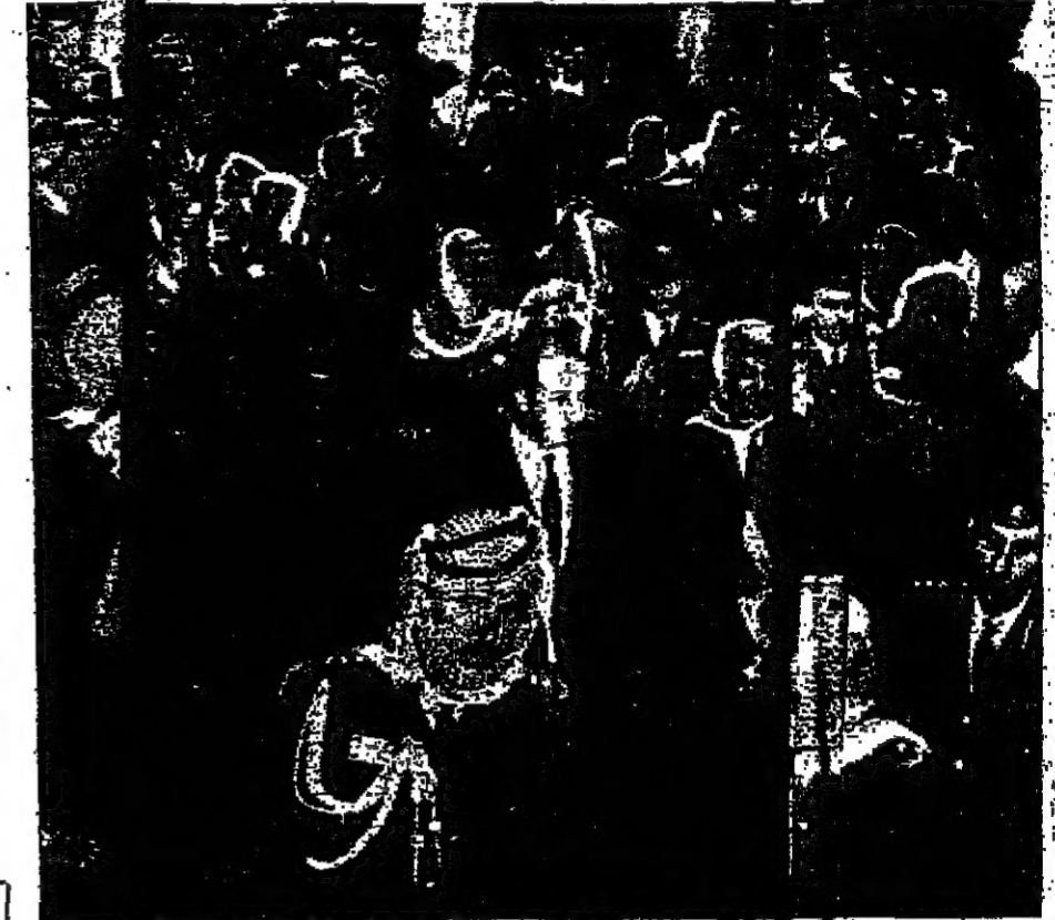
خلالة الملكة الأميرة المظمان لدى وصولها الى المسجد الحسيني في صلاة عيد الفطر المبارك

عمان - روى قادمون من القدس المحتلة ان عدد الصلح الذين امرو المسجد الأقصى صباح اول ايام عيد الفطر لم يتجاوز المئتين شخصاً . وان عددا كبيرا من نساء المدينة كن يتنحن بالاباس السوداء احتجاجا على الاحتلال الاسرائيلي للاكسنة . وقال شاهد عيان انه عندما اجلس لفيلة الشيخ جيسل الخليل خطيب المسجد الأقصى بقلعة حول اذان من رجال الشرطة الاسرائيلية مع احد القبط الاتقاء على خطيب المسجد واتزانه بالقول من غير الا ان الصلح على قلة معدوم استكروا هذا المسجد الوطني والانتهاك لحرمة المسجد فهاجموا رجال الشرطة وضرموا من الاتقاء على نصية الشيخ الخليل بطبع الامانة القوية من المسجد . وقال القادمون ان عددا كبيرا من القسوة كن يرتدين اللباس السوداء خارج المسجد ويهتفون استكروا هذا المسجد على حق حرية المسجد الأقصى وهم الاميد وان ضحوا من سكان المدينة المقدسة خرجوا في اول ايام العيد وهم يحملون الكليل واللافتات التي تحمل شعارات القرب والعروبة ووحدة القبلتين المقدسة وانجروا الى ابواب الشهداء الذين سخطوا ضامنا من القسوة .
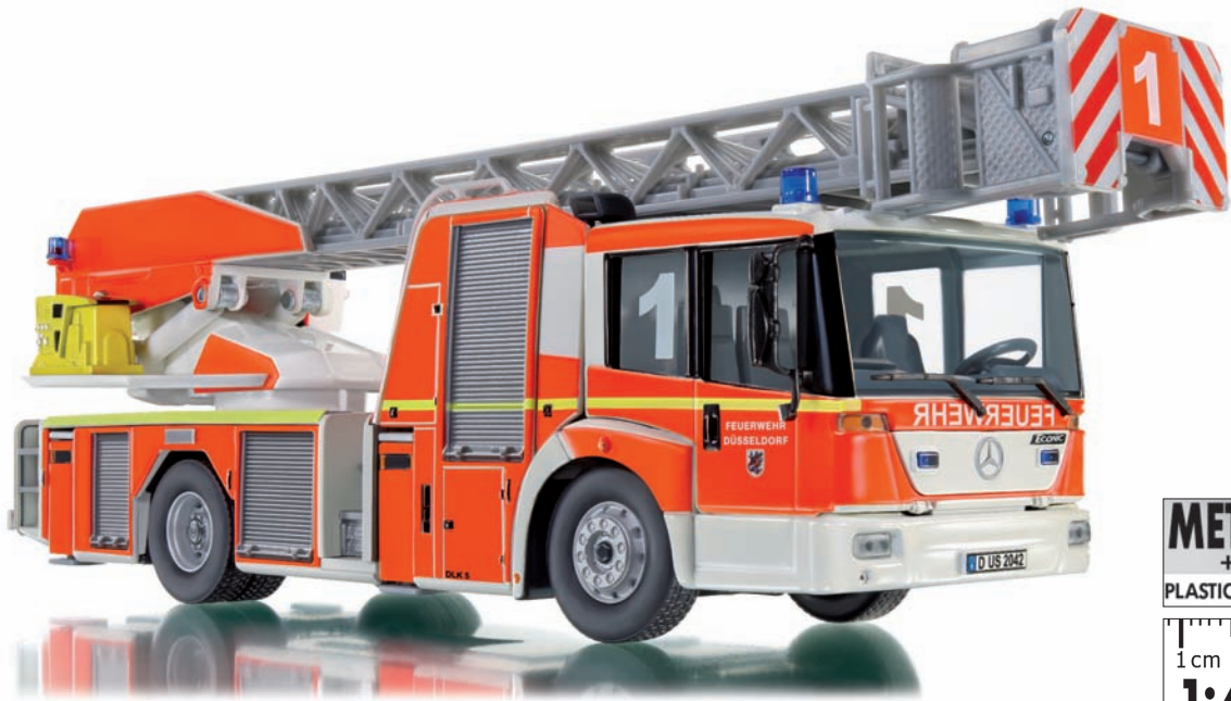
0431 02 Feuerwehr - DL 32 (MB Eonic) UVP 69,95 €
————————
**Required work:** When you write out the material, reproduce each line exactly and omit any picture it holds.

**Written response:**
خلالة الملكة الأميرة المظمان لدى وصولها الى المسجد الحسيني في صلاة عيد الفطر المبارك

عمان - روى قادمون من القدس المحتلة ان عدد الصلح الذين امرو المسجد الأقصى صباح اول ايام عيد الفطر لم يتجاوز المئتين شخصاً . وان عددا كبيرا من نساء المدينة كن يتنحن بالاباس السوداء احتجاجا على الاحتلال الاسرائيلي للاكسنة . وقال شاهد عيان انه عندما اجلس لفيلة الشيخ جيسل الخليل خطيب المسجد الأقصى بقلعة حول اذان من رجال الشرطة الاسرائيلية مع احد القبط الاتقاء على خطيب المسجد واتزانه بالقول من غير الا ان الصلح على قلة معدوم استكروا هذا المسجد الوطني والانتهاك لحرمة المسجد فهاجموا رجال الشرطة وضرموا من الاتقاء على نصية الشيخ الخليل بطبع الامانة القوية من المسجد . وقال القادمون ان عددا كبيرا من القسوة كن يرتدين اللباس السوداء خارج المسجد ويهتفون استكروا هذا المسجد على حق حرية المسجد الأقصى وهم الاميد وان ضحوا من سكان المدينة المقدسة خرجوا في اول ايام العيد وهم يحملون الكليل واللافتات التي تحمل شعارات القرب والعروبة ووحدة القبلتين المقدسة وانجروا الى ابواب الشهداء الذين سخطوا ضامنا من القسوة .
0431 02 Feuerwehr - DL 32 (MB Eonic) UVP 69,95 €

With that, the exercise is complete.